A new paper published in the journal Nature has shown that the gut-to-brain activity of sweetness is specific to sugar molecules, but not artificial sweeteners. The sugar sensing pathway that was discovered by Charles Zuker, and his team, at Howard Hughes Medical Institute provides insight into the neural basis for sugar preferencing. Zuker urges us to separate the concept of “sugar” and “sweetness.” Stating that "Sweet is liking, sugar is wanting,” because, contrary to previous research, sugar affects the brain in ways that artificial sweeteners doesn’t.
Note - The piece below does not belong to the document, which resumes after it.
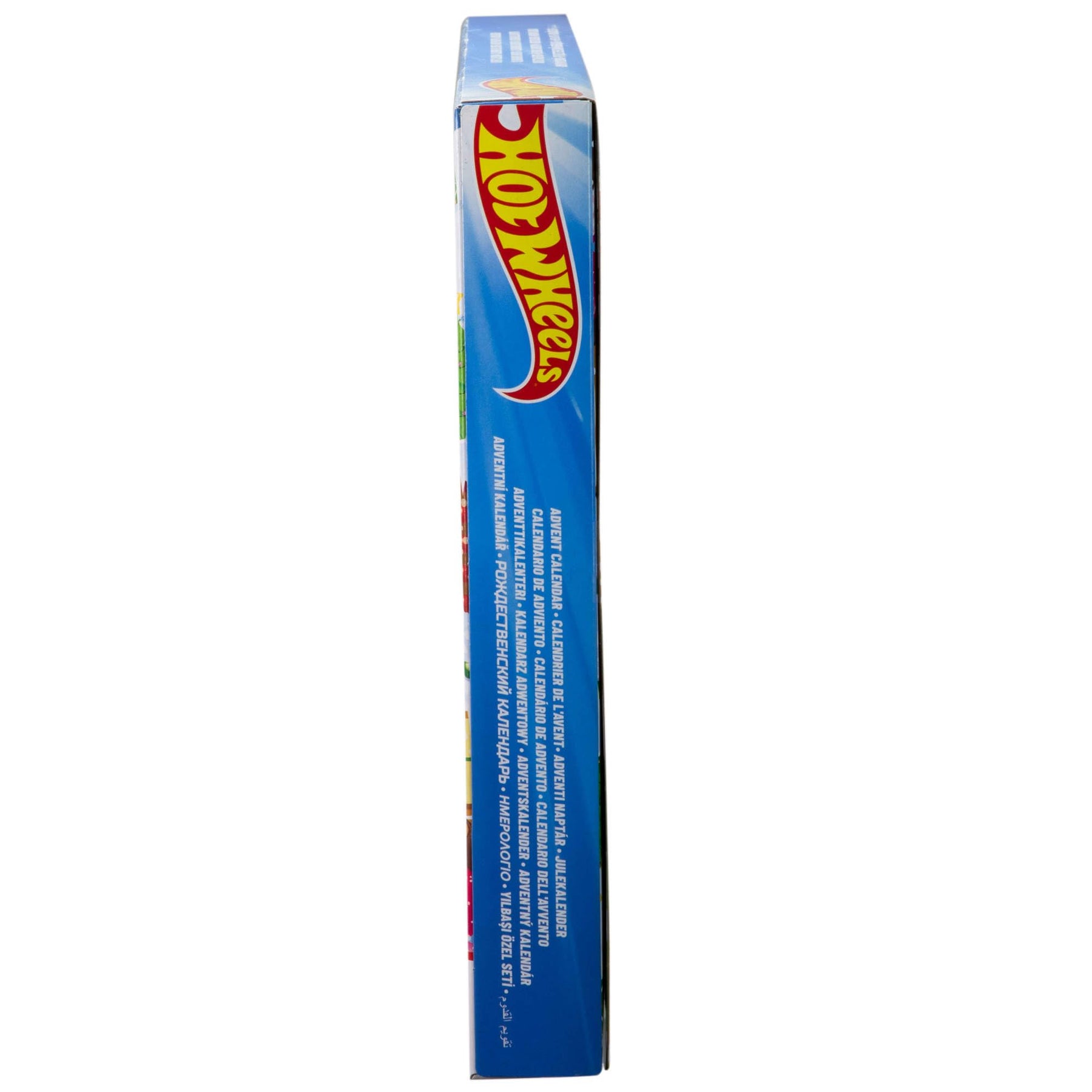 • Hinter 10 Türchen befinden sich verschiedene Hot Wheels Spielzeugautos im Maßstab 1:64, davon eins, das exklusiv in diesem Set erhältlich ist.

Both animals and humans love sugar, as it triggers the brain’s reward system. Previously Zuker’s studies found that sugar and artificial sweeteners trigger the same taste-sensing mechanism. This recent study questioned these findings by testing the difference between sugar and the artificial sweetener Acesulfame K (often used in diet soda). Using mouse models Zuker and his team offered sugar water and water with sweetener. Interestingly, at first the mice had no preference, but after two days they switched to exclusively drinking the sugar water.
To analyze why the mice had a preference for the sugar water, Zucker and his team analyzed their brain activity. They discovered the brain region that lights up when the mice consumed the sugar water. It was the the caudal nucleus of the solitary tract (cNST) which is located in the brain stem. And separate from the taste-sensing mechanisms. Zucker and his team traced the glucose-sensing pathway back to the gut and then through the vagus nerve to the brain. This pathway prefers glucose, ignoring artificial sweeteners and fructose. This pathway could have developed because glucose is a source of fuel for all life forms.
Zucker and his team are now looking at other systems and how they relate to the gut-to-brain sugar sensing pathway. He wants to identify ways to “help curtail our insatiable appetite for sugar."